I know, its already the 15th of the month (HAPPY BIRTHDAY MLK!) and this is the first post of the new year for me. I’ve been a bit under the weather (I dislocated my knee in October and have been in various levels of pain ever since) and have made the conscious choice to do nothing more that go to work, teach and go home. Having free time to consider my mortality, pain and life, I’ve been reflecting on my career as an educator.
I like being a teacher. It is possibly the most fun I’ve had as a working member of society. I may never know how I have truly impacted the world by teaching science to students. I may never know my role in promoting the use of technology in education. Yet, I know what I do is important, necessary and appreciated… by someone. This makes me happy.
I only have one regret…
I regret I didn’t start teaching sooner. The last 12 years have been great, but image being an Edtech geek 15+ years ago… as the very beginnings of the “technology in education” movement. I think about teaching science in the midst of the Space Shuttle program (I had a great year with 6th graders when the Mars rovers first started poking around the Red Planet). I wonder if I would still be in the classroom if I’d started sooner or if I would have a different role in education. I consider if my masters degree program would have even existed then.
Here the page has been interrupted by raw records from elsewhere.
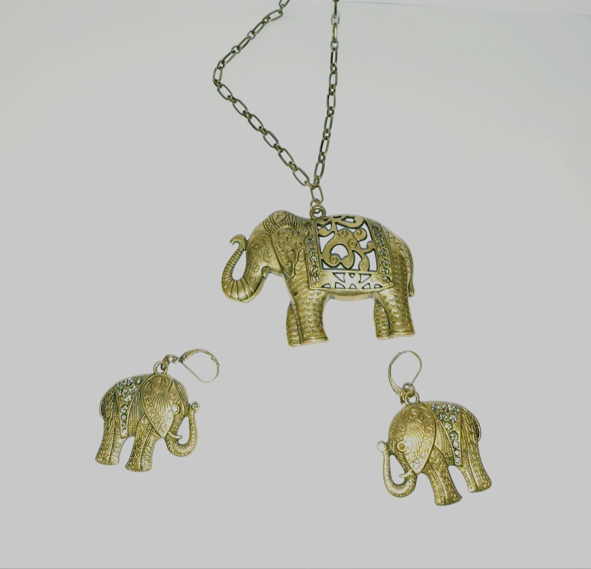 Ensemble bijoux collier et boucles d'oreilles en parfaite état général il manque une crystal pas trop visible couleur bronze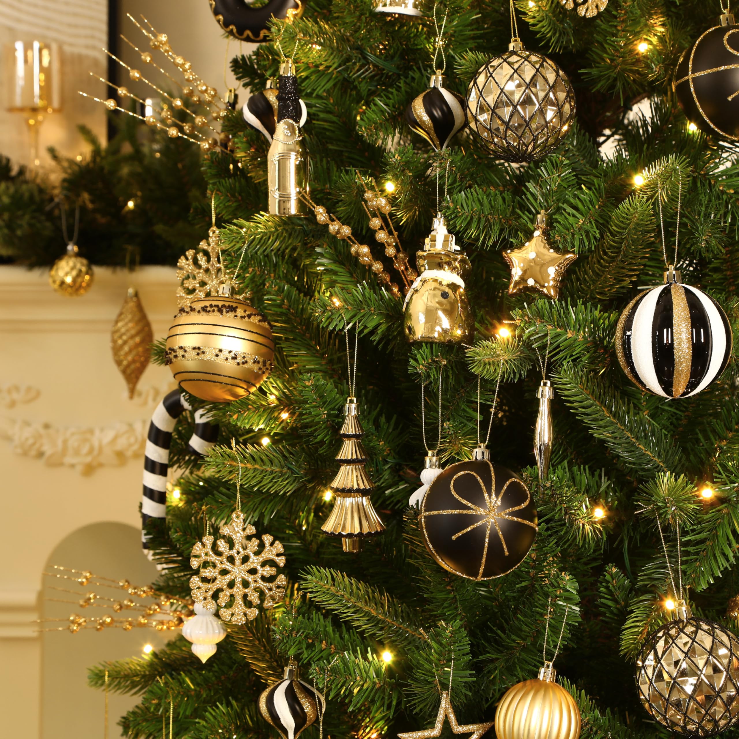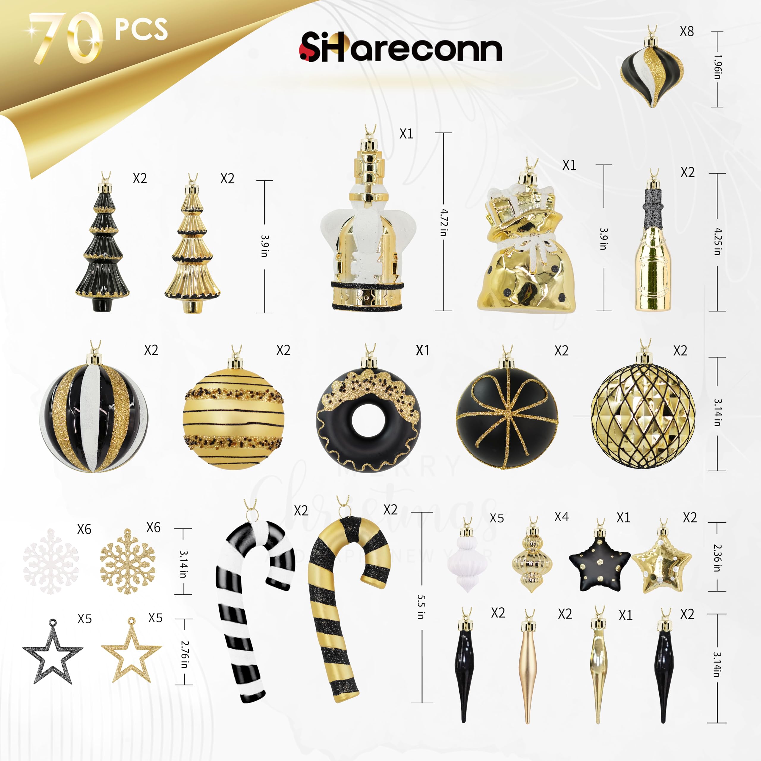 SHareconn 70pcs Christmas Balls Ornaments Set, Shatterproof Plastic Baubles, Ribbon and Tree Topper for Xmas Tree Holiday Wedding Party Decorations with Hanging Strings, Black, White and Gold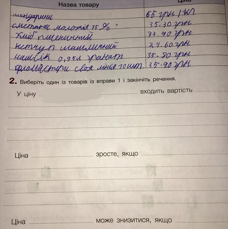 2. Виберіть один із товарів із вправи 1 і закінчіть речення.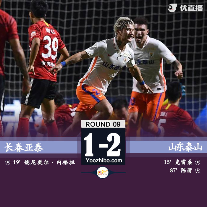 直播车7月6日讯 北京时间7月6日晚19点30分,2022赛季中超第一阶段第9轮展开角逐,长春亚泰对阵山东泰山。上半场克雷桑连场破门,儒尼奥尔扳平比分,下半场费莱尼头球中框,陈蒲替补绝杀。最终山东泰山2-1战胜长春亚泰,山东取得三连胜,亚泰四轮不败遭终结。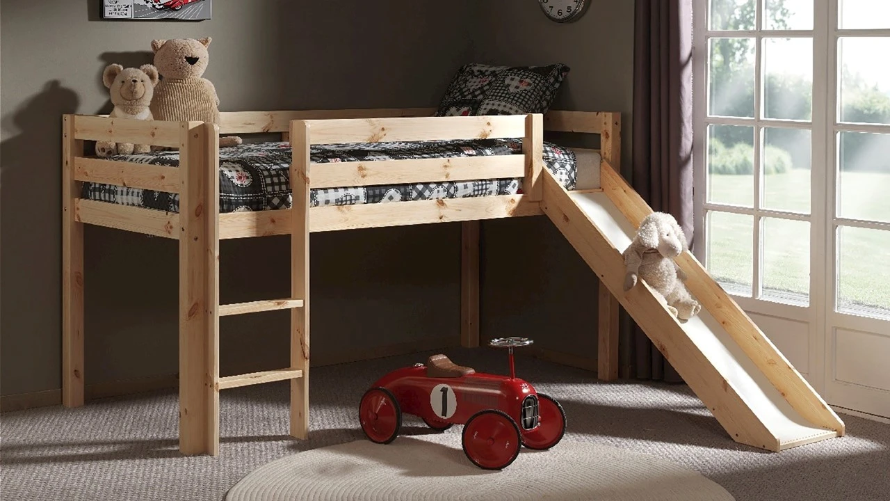 Hoogslaper Pino met glijbaan wordt geleverd inclusief bedbodem, exclusief matras.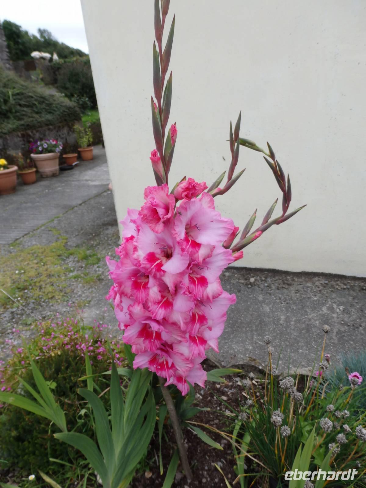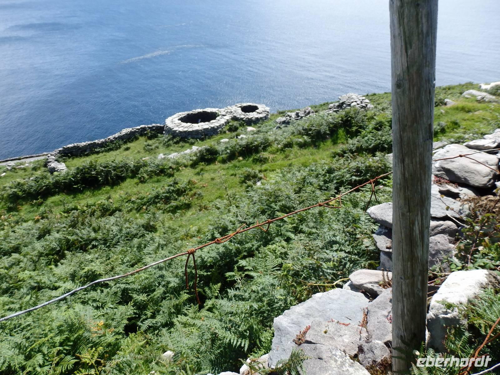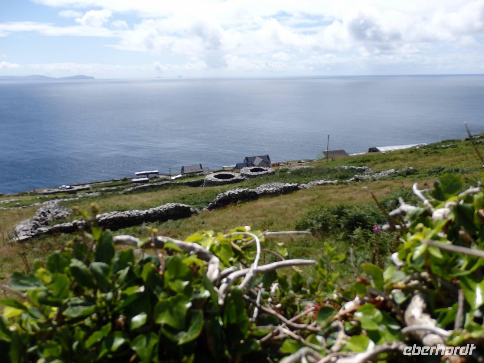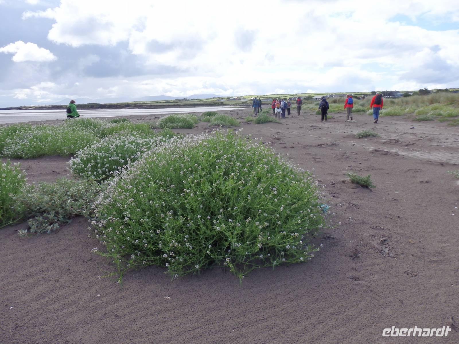 Heute früh treffen wir uns zum Frühstück mit Jan, unserem örtlichen Reiseleiter, der uns an den nächsten Tagen die Schönheiten des Landes zeigen wird. Nachdem alle ihr Lunchpaket im Rucksack verstaut hatten ging es dann mit John und dem Bus auf zur 1. Wanderung. Im Ort Dingle war ein kurzer Stop geplant. Und gleich nach der romantischen kleinen Hafenstadt ging es dann los. Unser Weg führte zunächst am schönen Sandstrand entlang, hier gab es schon viel zu sehen und Jan erzählte uns von den Gezeiten. Der Wasserpegel ist bei Ebbe um 4 m niedriger als bei Flut. Bei herrlichem Wetter geht es weiter vorbei an einem kleinen Dorf und Feldern und Wiesen. Schafherden sehen wir links und rechts unseres Weges. Wir kommen an eine Strasse zum Slea Head. Herrliche Fuchsien und Monbretien schmücken den Wegesrand. Auf einer kleinen Anhöhe mit wunderbarem Blick aufs Meer machen wir Pause und stärken uns vom Lunchpaket. In der Ferne sehen wir zwei Inseln Skelling Michael und Little Skelling. Hier befindet sich ein heute verlassenes Kloster - UNESCO - Weltkulturerbe; die Insel ist mit einem Boot erreichbar.

Yet, timing can make all the difference in the world, can’t it? The time I spent as a safety engineer gave me the opportunity to see first hand how workers respect science and what their levels of scientific literacy are. Its been fun seeing how technology was just beginning to be a game changer in industry, with more computer operated machinery and software that changed the way we do work. There are things happening in all sorts of industries that depend on a clear understanding of STEM topics and the changes made in education reflect those changes. The way we taught then and the way we teach now are different because they need to be different.
We hear all the time how new skill sets are needed for employees. Many people are going back to school to learn new things to change their careers and become part of the new economy. School aged children are quickly learning they can create jobs that don’t exist yet; jobs they will fill. I found an article by Thomas Frey on jobs that don’t exist yet. How do educators prepare students for these careers? We make sure they have the basics (reading, writing and arithmetic), instill in them an appreciation for the humanities (arts, sciences and history), and they guide them toward the future with technology (computer science, digital citizenship, critical thinking and researching).
I have no idea how to do that last one. No educator really does. That’s the exciting part of all of this… going bravely forward knowing none of us really know what the heck we’re doing…but doing it together. Working WITH the children to visual what they image their world will be like. So very different from what even their parents know of their world. Definitely different from the world I grew up in during the 70s. Its exciting.
Perhaps I don’t have regrets after all. I’m in the right place at the right time in education. I just need to dig deeper into the “future thought” of what is yet to come. I am up to the challenge. Are you?